38 See: Capron, C., Vetta, A.R., Duyme, M., and Vetta, A. (1999) Misconceptions of Biometrical IQists. Cahiers de Psychologie Cognitive/Current Psychology of Cognition, 18, 2,

39 In a sense, a normative definition is being aimed for along the lines of.. Intelligence is defined by the g latent variable which is inferred from covariance patterns amongst many different kinds of specific cognitive ability tests. We will call this g intelligence. What is now required is a demonstration that the multitude of available cognitive ability tests can be scaled onto g using an additive concatenation function, as per lexile scale. In short, Michell s quantitative hypothesis is required to be tested.

40 This is not an easy task, but it is essential. For without an empirically established metric standardised scale of g, that is taken as the normative measurement scale on which all cognitive proficiency tests may be located, then we remain as we are, with hundreds of ability scales each of which provides IQ scores, but with no clarity as to which IQ score is the more valid IQ score than any other test.

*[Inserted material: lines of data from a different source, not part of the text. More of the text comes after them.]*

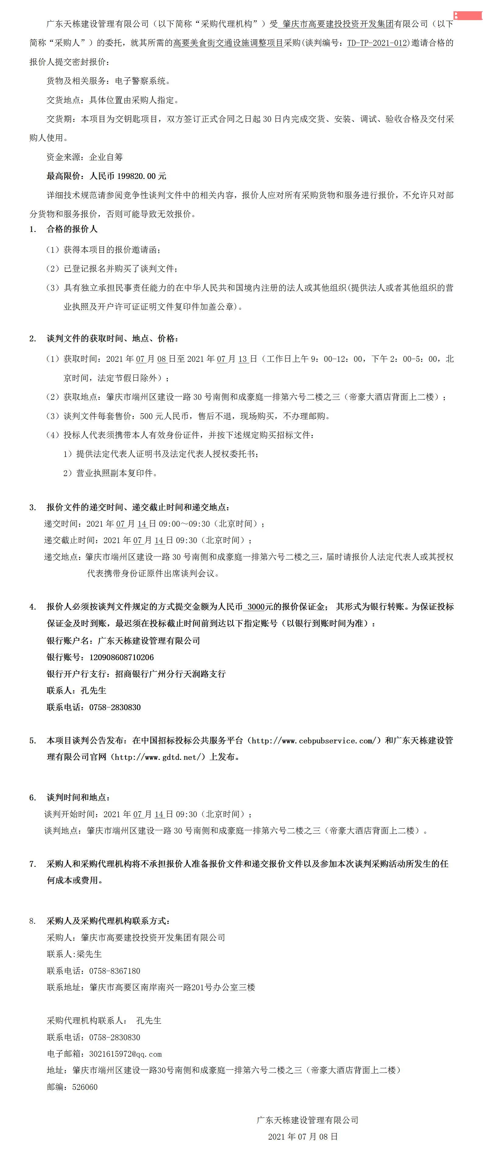 當(dāng)前位置:首頁(yè) ?>?招標(biāo)資訊?>?招標(biāo)公告高要美食街交通設(shè)施調(diào)整項(xiàng)目采購(gòu)及服務(wù)
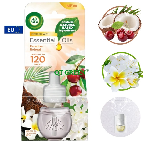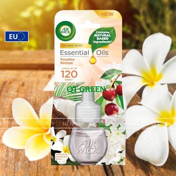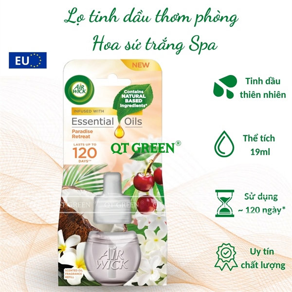 Lọ tinh dầu thơm phòng Air Wick Essential Oils 19ml Paradise Retreat - hoa sứ trắng Spa - Lọ
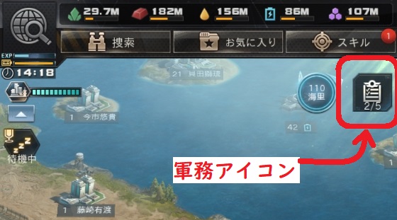 軍務は週間任務(ウィークリー)月曜更新。7日間で30個達成することが目標で、指揮官レベルによって内容が変わってくる。
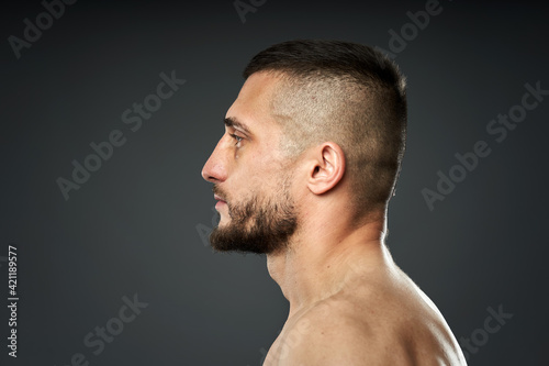 Obraz premium Bruised fighter on gray background
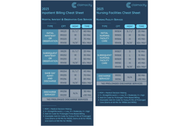 IMPORTANT NOTE: Using any inpatient billing cheat sheet from 2020, 2021, or 2022 will result in costly errors, denials, coding inefficiency, audit risks, lower peer rankings, and lost revenue.
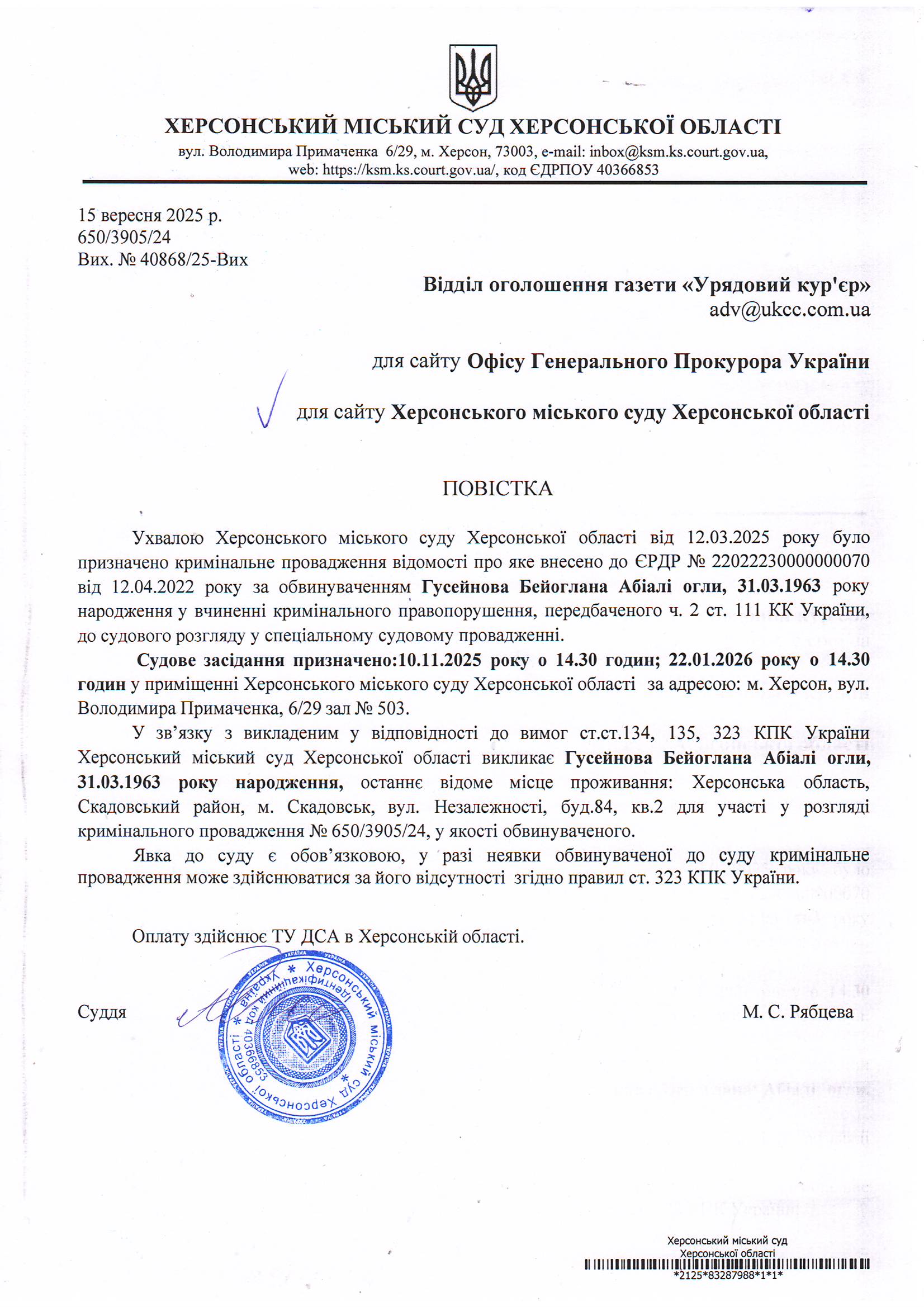 Оголошення для Гусейнова Бейоглана Абіялі огли
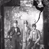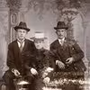 Tre unge mænd med bowlerhat og cerut i et fotografisk atelier.
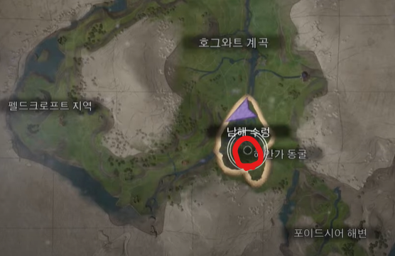 남해수렁 중앙 하단 부근에 니즐의 서식지가 있습니다.
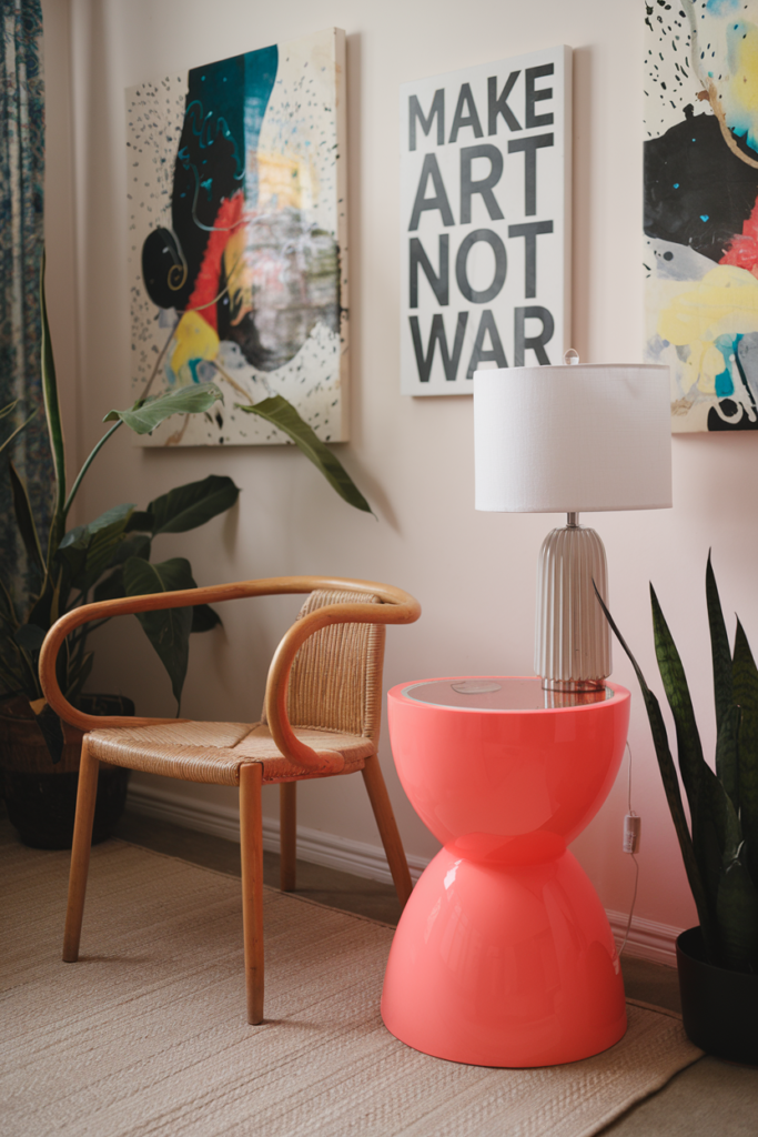 Thrifted furniture is your BFF for DIY home aesthetics. I snagged a $10 side table and gave it a neon pink facelift. Now it’s the star of my living room.
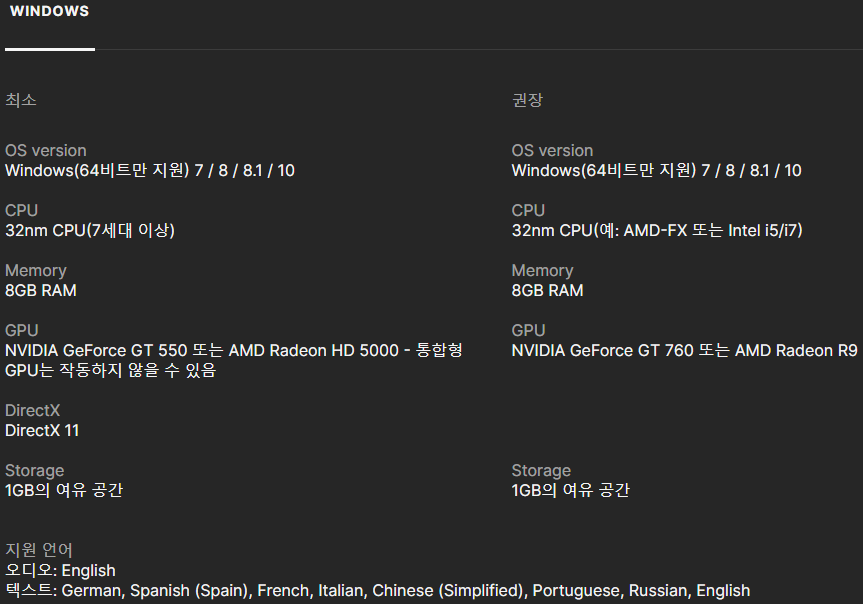 그래픽 카드 기준 GT 760, AMD 라데온 R9 급의 성능을 요구하니까요.
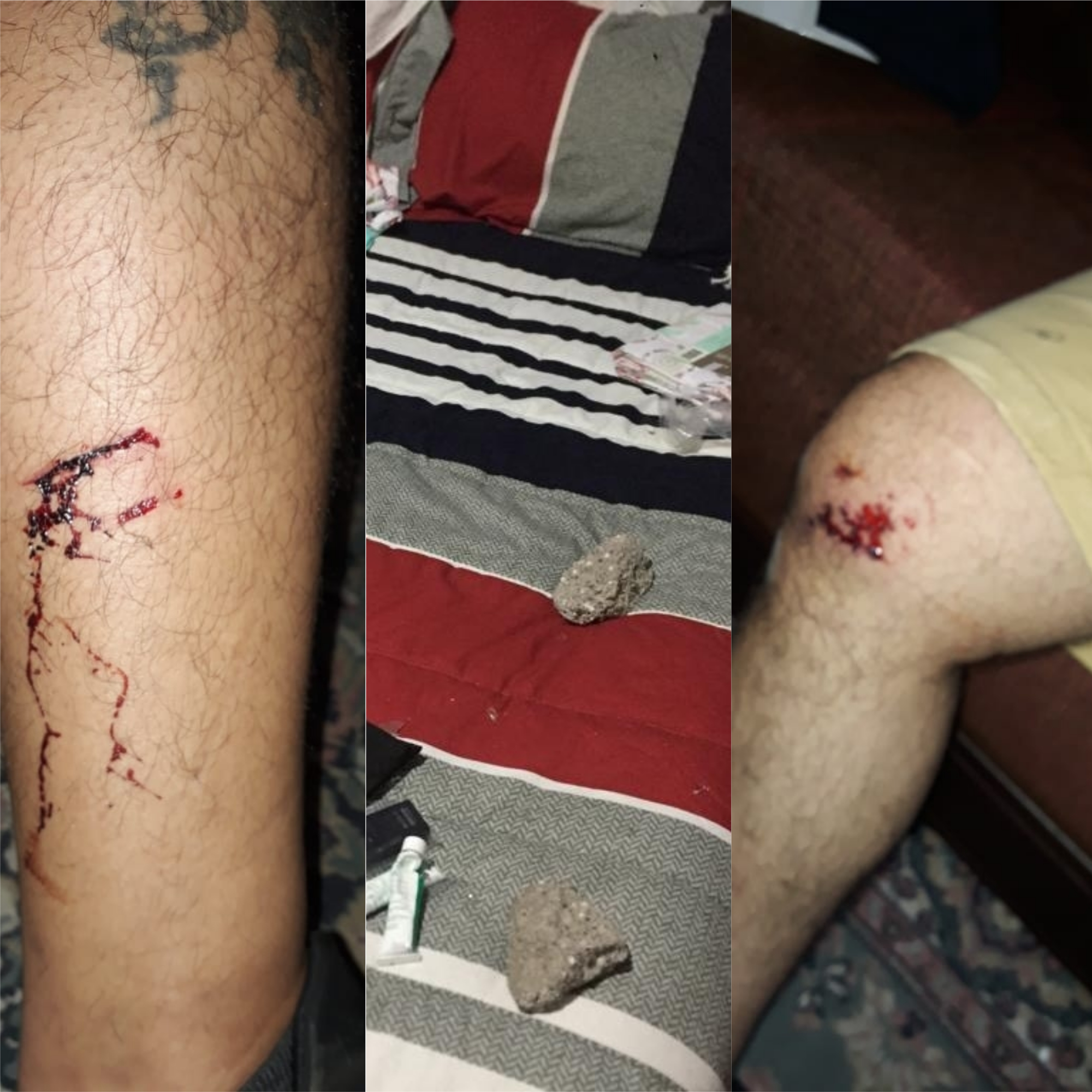 Tras eso, calcula que unas 20 personas comenzaron a lanzar piedras y otros objetos, por lo que debieron esconderse en el patio trasero.
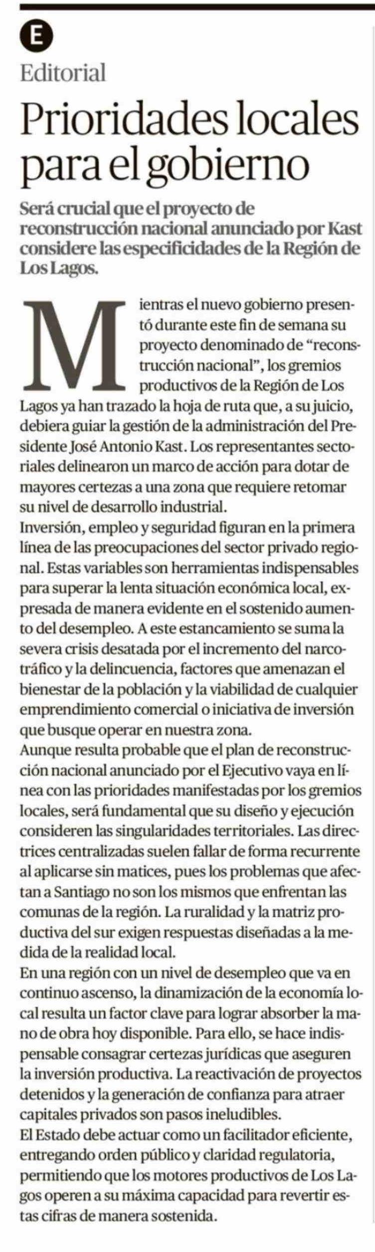 Editorial: Prioridades locales para el gobierno
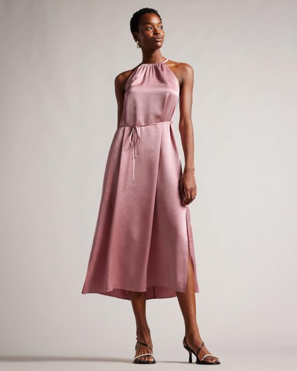 Your summer just got slinkier. ROXIEYY is a dress designed for hot parties on hot evenings: flowing, flattering lines and an elegant halter neckline give an air of vintage-inspired glamour, bought up to date with a modern midi length and tie waist belt. Just add a sparkling clutch bag to be cocktail-ready.
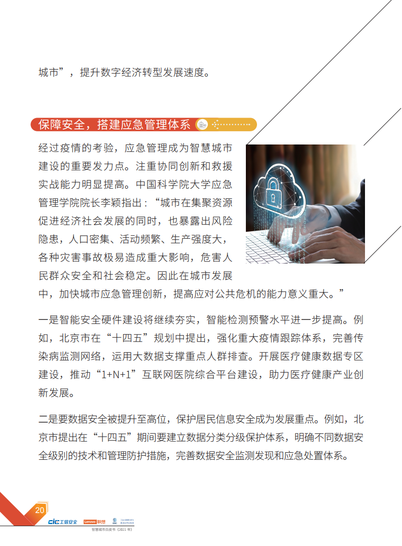 白皮书推出之际正值“十四五”规划审议通过并正式发布,规划明确提出“以数字化助推城乡发展和治理模式创新,全面提高运行效率和宜居度。分级分类推进新型智慧城市建设,将物联网感知设施、通信系统等纳入公共基础设施统一规划建设,推进市政公用设施、建筑等物联网应用和智能化改造”。新型智慧城市建设即将进入新的阶段,该白皮书以真实案例剖析为基础,结合理论和架构研究,形成较为完整的智慧城市体系框架,勾勒出未来可能的发展路径,是新型智慧城市建设的重要参考之一。
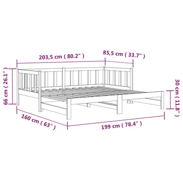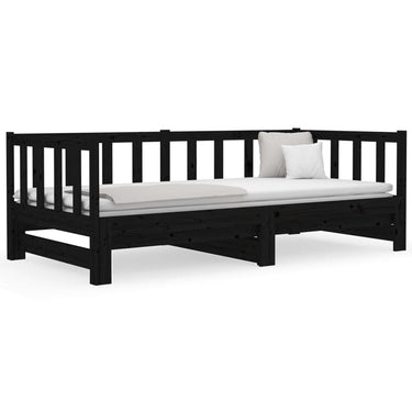 Slaapbank uitschuifbaar massief grenenhout zwart 2x(90x190) cm
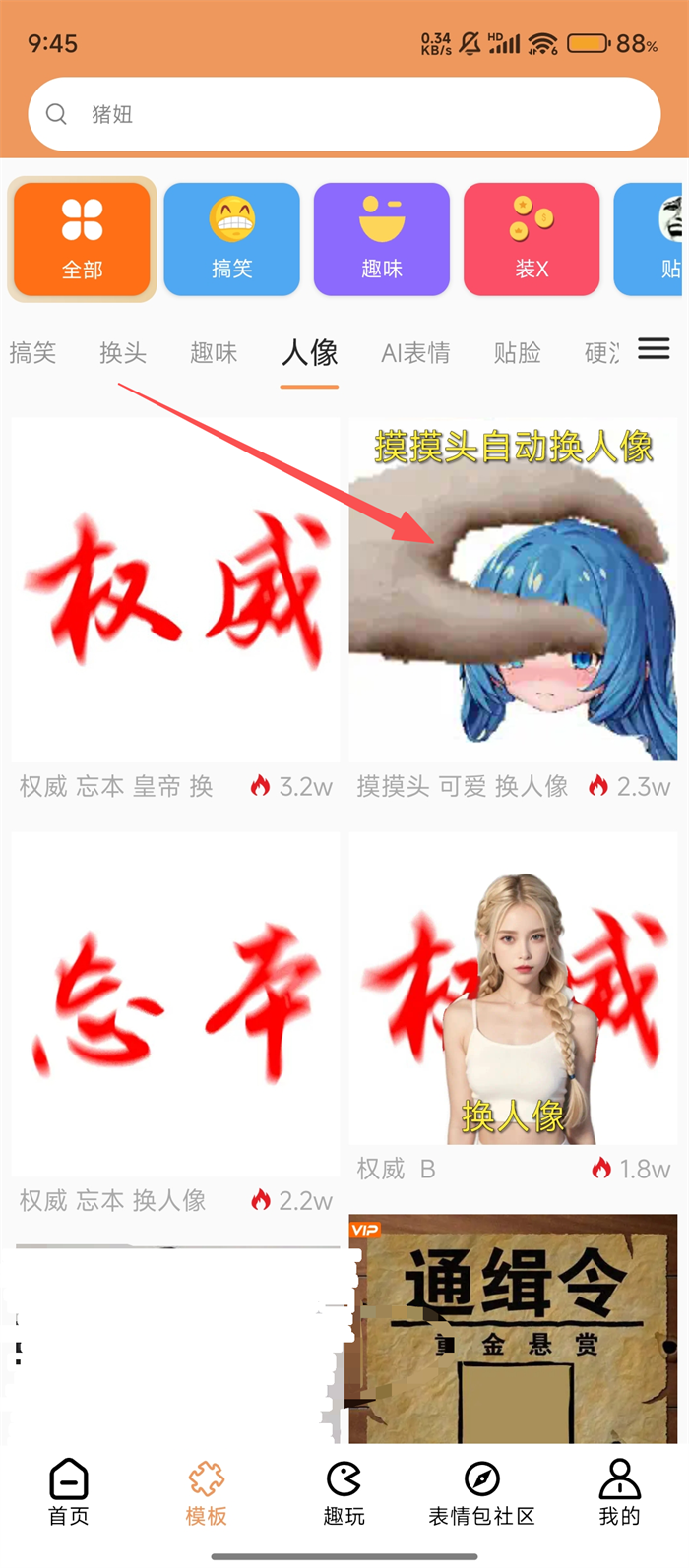 2、在模板界面,我们可以切换到【人像】分类,这里有多种换人像模板,挑选喜欢的模板点击即可呢。
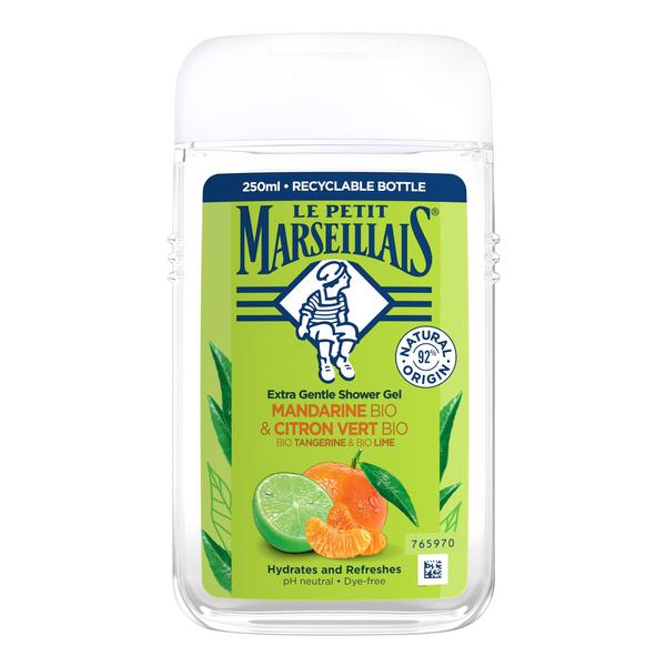 • Le Gel Douche Mandarine et Citron Vert Bio du Petit Marseillais lave en douceur votre peau, grâce à sa mousse légère qui libère un parfum fruité et acidulé , • Sa formule extra douce au pH neutre hydrate et nourrit votre peau; elle est testée sous contrôle dermatologique, • Ce gel douche est aussi formulé avec une base lavante d’origine végétale dont les ingrédients sont facilement biodégradables
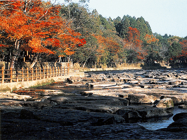 幅40m、高さ18mほどの大滝と、優雅に流れ落ちる男滝、女滝の3つからなり、「日本の滝100選」のひとつにも選ばれている「関之尾滝(せきのおのたき)」。滝の上流には世界有数規模の甌穴(おうけつ:水流が川底の石や岩石の破片を回転させてできる穴)群が広がり、国の天然記念物にも指定されています。雄大な自然がつくり出した、迷路のような甌穴の間をくぐる清らかな流れは一見の価値ありです。
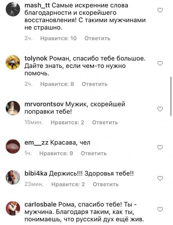 «Роман, спасибо! Вы герой! Желаю скорейшего выздоровления! И готова помочь материально».
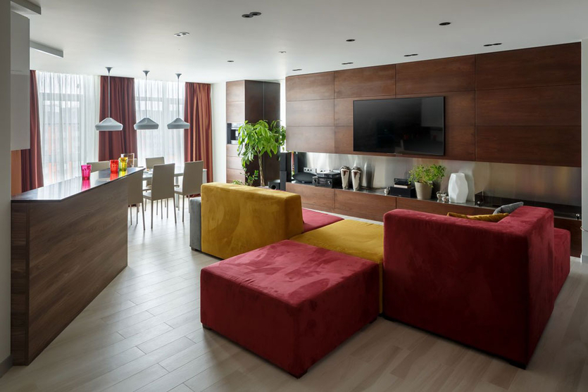 Кинозона и лаунж-зона могут быть и совершенно разными частями гостиной. Такой ход особенно уместен в довольно больших помещениях — и удобен для больших семей. К такому решению также можно обратиться в ситуациях, когда дома часто собираются крупные компании.

41 Why does any of this cause a problem.. well, its because many psychologists have bolted before the stable door was closed. The normative definition of intelligence was never completed. It is suggested here that this will remain an impossible ideal unless the definition is restricted to a solely technical form. Hence, the almost irrelevant exercise of 50 or more psychologists each generation to keep re-defining what is intelligence as though this will in any way solve the basic problems of technical-conceptual clarity and the quantitative hypothesis.